Future scenarios emerge as the media debate the health of U.S. Mainline Protestantism 

What has long been called “Mainline” Protestantism suffered inexorable shrinkage this past generation, eroding so much of its once-potent U.S. cultural impact that the news media tend to neglect these moderate-to-liberal churches. Yet a new Public Religion Research Institute poll reported what it argues is a sudden comeback and indicates Mainliners even outnumber the rival conservative "evangelicals" widely thought to dominate Protestantism.

True? The Religion Guy assembled devastating statistics that raise questions about that claim.
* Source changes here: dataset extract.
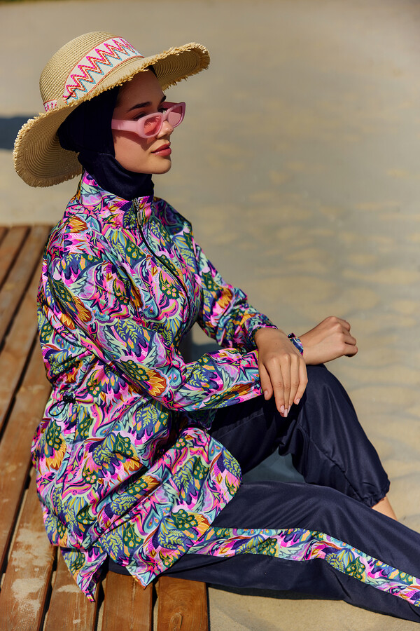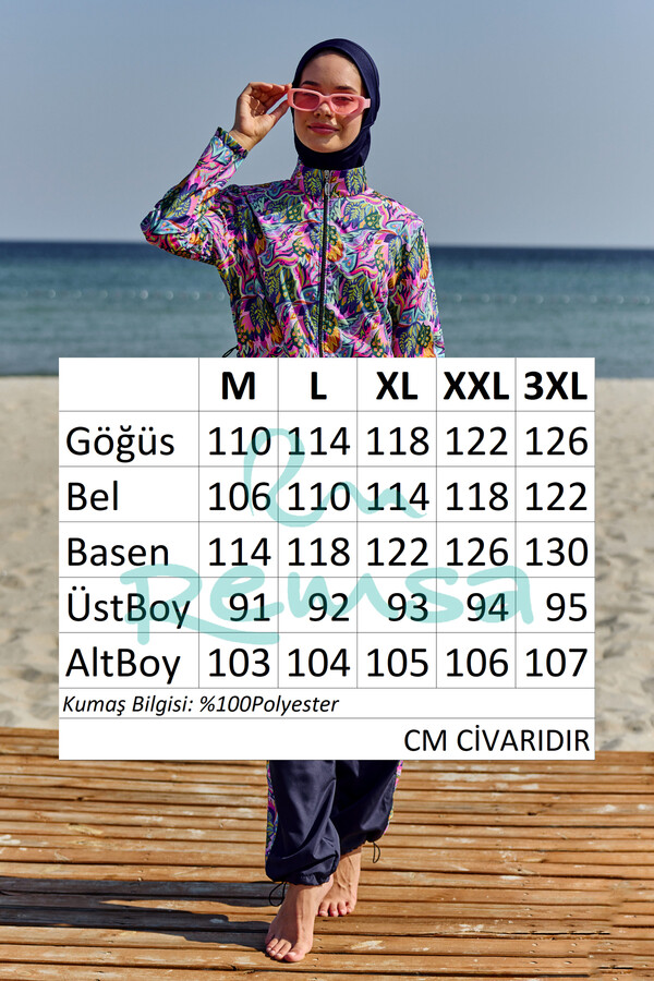 Available in sizes from M to 3XL, this swimsuit adapts to different body shapes. For instance, a medium size measures approximately 110 cm in bust, 106 cm in waist, 114 cm in hips, with a tunic length of 91 cm and pants length of 103 cm. Larger sizes gradually increase, ensuring that every body type can find a comfortable and modest fit.

U.S. religion's hot number-cruncher Ryan Burge is even more doubtful and notes the Harvard-based Cooperative Election Study found a recent rise in Americans who self-identify as "evangelical."

As reporters ponder that debate, they should also play out longer-term Mainline scenarios, for instance for the Episcopal Church and United Methodist Church.

The hed on another Burge article proclaimed that "The Death of the Episcopal Church is Near."

"I don't think it's an exaggeration at all to believe that Episcopalians will no longer exist by 2040," he contended.

His gloomy forecast relied partly on a stark, candid piece from the blog of the Living Church magazine. It reasoned that annual marriages and baptisms foretell how the denomination will fare. If trends continue, the former would fall from 39,000 in 1980 to 750 as of 2050, and the latter from 56,000 to 2,500, over decades when average worship attendance would plummet from 857,000 to 150,000.

Similarly, in 2019 the Evangelical Lutheran Church in America's research agency projected that this now-sizable denomination would dip below 67,000 members by 2050 and average Sunday attendance would hit 16,000 by 2041. Two years before that, Wheaton College's Ed Stetzer notably warned that Mainline Protestantism has "23 Easters left."